“Como estará o país e a confiança no futuro dos portugueses em 2030?”. Esta poderia ser uma pergunta, reveladora e perturbadora, a colocar numa das aberturas destes duelos que têm caracterizado a presente campanha eleitoral. Importa reconhecer que a ausência de arruadas, por motivos sanitários, tem submetido os líderes partidários a um duro teste de preparação e disciplina, saldando-se pela abordagem de uma invulgar quantidade de temas, mais ou menos substantivos. Comparativamente com outras campanhas eleitorais (lembro-me de ter tropeçado, sem intenção, em episódios da campanha de 1994 para o Congresso dos EUA, que apenas poderiam ser classificados como difamações abjectas), a atmosfera política lusa parece bastante saudável. Contudo, isso não chega para que a pergunta (e ainda menos as respostas) sobre 2030 venha a entrar na campanha.

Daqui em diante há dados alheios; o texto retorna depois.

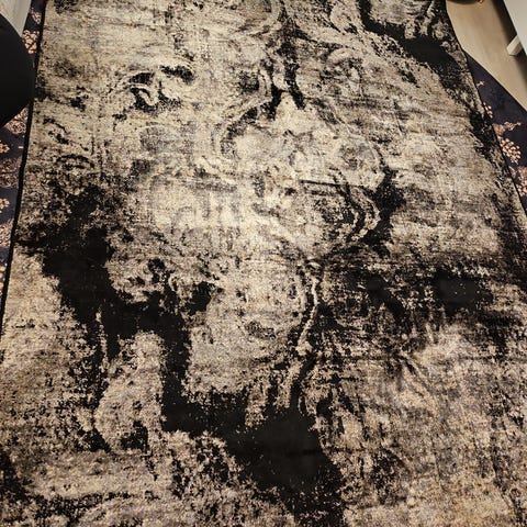 Myydään kaunis harmaa-turkoosi kuviollinen matto. Juuri pesulasta tullut.

Quanto mais dados e cenários a pesquisa científica nos revela acerca do perturbante futuro que nos aguarda, mais o discurso político se recusa a enfrentá-lo. Do mesmo modo que na sátira cinematográfica da Netflix, Não Olhes para Cima, os “negacionistas” da colisão iminente de um asteróide com a Terra se recusavam a olhar para ele. Em Portugal, a questão nunca foi a de uma negação do óbvio, organizada e estridente, como ocorre noutros países, mas mais a de uma estratégia de evitação. O método do discurso político é o da redução cirúrgica. São precisos temas, onde o actor político não se exponha a perder a face, manifestando dúvidas e/ou falta de controlo da situação. Ao contrário das tecnologias digitais da “realidade aumentada”, que alargam as fronteiras da consciência nos universos virtuais, a política, ao lidar com o mundo físico concreto tem de o tornar suportável, construindo o que poderemos designar como uma “realidade diminuída”.
É pena, no entanto, que o Portugal de 2030 não entre nos debates políticos do Portugal de 2022. Num futuro onde os eventos extremos decorrentes das alterações climáticas, a face mais visível da crise global do ambiente, vão fazer perigar a vida e a propriedade de muitos cidadãos, seria importante aprofundar as consequências de algumas teses sobre o Estado e a política fiscal. Propor que o Estado se retire, ainda mais, de uma actividade reguladora, para dar protagonismo ao mercado, ou propor a requentada receita neoliberal de uma taxa única para o IRS, são ideias impertinentes, que nos países onde foram aplicadas só contribuíram para a degradação do ambiente e o aumento das desigualdades. Só pessoas distraídas é que podem ignorar que foi a contra-revolução neoliberal, começada na década de 1970, a força motora desta globalização, marcada pela desregulação da protecção ambiental e social, Assinalada também pelo aparecimento de autênticos colossos de poder e dinheiro, como Zuckerberg ou Bezos, apenas possíveis pela cumplicidade da política, também ela transformada numa mercadoria, à disposição da melhor oferta. Nos últimos 50 anos, o triunfo avassalador do crescimento exponencial extractivista, transformou mais radicalmente o software ecológico deste planeta do que o cúmulo milenar da história humana precedente. Os desalojados das cheias e dos incêndios, os refugiados do litoral, quando largas zonas se tornarem inabitáveis, os agricultores que não resistam às sucessivas calamidades meteorológicas, esperarão pelo apoio de um Estado capaz e justo. Não quererão ver a sua tragédia reduzida a mais um nicho de mercado.
Viriato Soromenho-Marques
Publicado no Diário de Notícias, em 15 de Janeiro de 2022, p. 10.